Over the months we’ve been writing a new login application against a cloud SaaS platform, we have slowly evolved our logging strategy for the application. The evolution occurred because we needed more and more information for diagnostics and triage related to bugs (sometimes in our custom application, often in the vendor product too) and performance issues. Some of the logging we employed that wrote into the event log on the login app server (of which there are 2) included:
These error messages have been incredibly useful. The call times have driven a lot of performance testing and improvements that have been put in place (coupled with a separate application I wrote to crunch the call times, which I might present separately). The raw SOAP request/responses have been useful because many bugs come down to the vendor asking what was returned by their system (presumption being we were handling it wrong), but the responses often showed a “smoking gun” that the response was missing key information.
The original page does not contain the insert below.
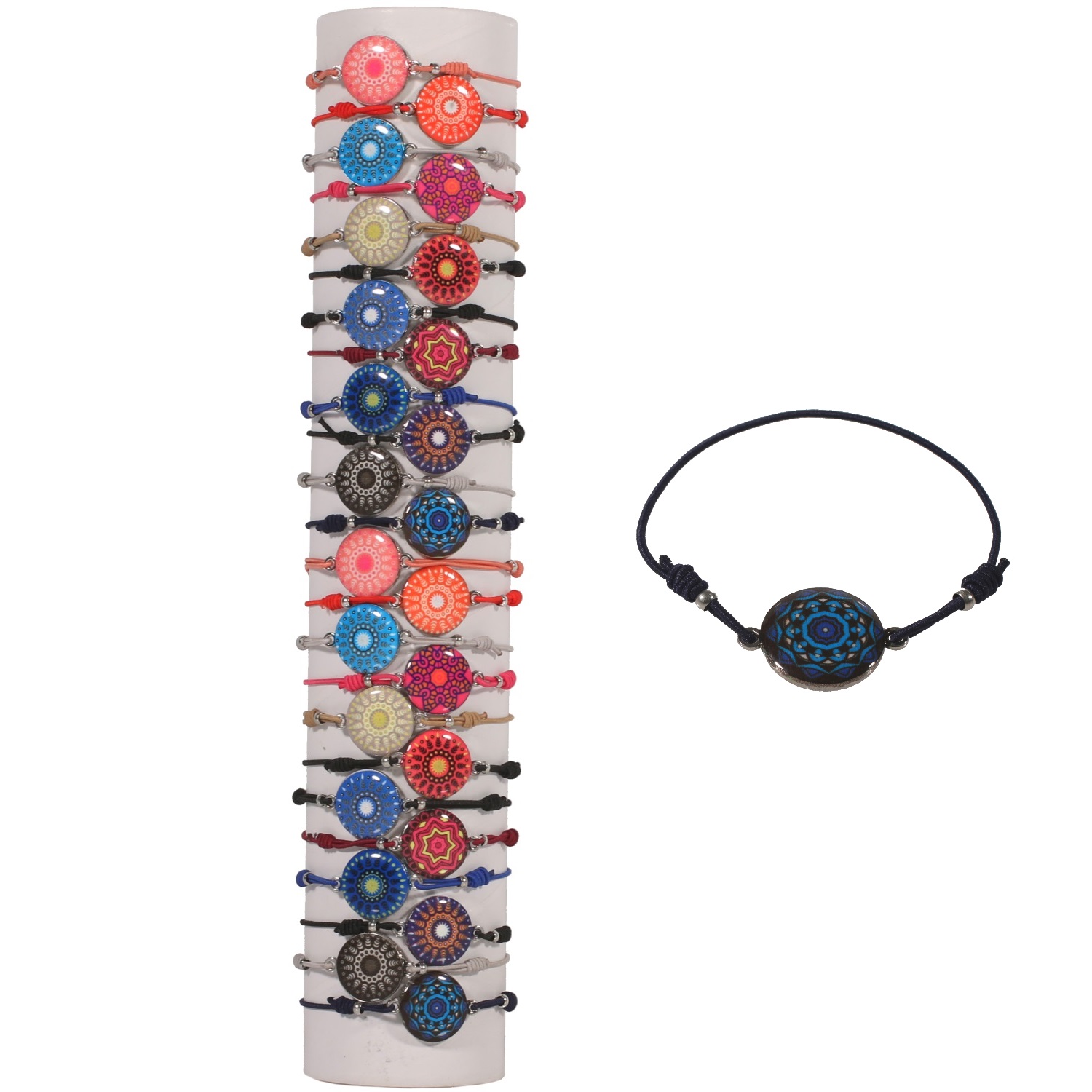Bracelet fantaisie en métal argenté, coton et émail.

Recently as we’ve fought hard to move to deployment, I realized that there was a bit of an oversight in the logging: while it wasn’t too hard to trace backward through the log to identify a series of messages within a given use-case, it isn’t the kind of thing anyone could do without a lot more knowledge of the platform calls (knowledge my team had gained over the last 9 months). But there seemed conceptually a pretty simple solution to this problem: all we needed was a way to correlate the log messages for a user within a single session. I’m not even interested in tracking the user across multiple different sessions (although if that happens, fine). I principally just want a way that if creating an account requires transitioning through 3 or 4 screens and that causes 8-10 log messages (with everything turned up), we can tie those log messages together as a matter of rote.
Obviously lots of ways to do this but the below will present one way I’ve gone about it. First, we have in place this logging interface:
public interface ILog
{
void Log(string message);
void Log(string message, Exception ex);
void Log(string message, object obj);
void Log(string message, Exception ex, object obj);
}
This interface is actually just a wrapper around an in-house logging library we have; this one closes over that type (which requires basically an event ID be provided) so that components in the application can be agnostic to the event ID they’re using, which is configured by Windsor in the root.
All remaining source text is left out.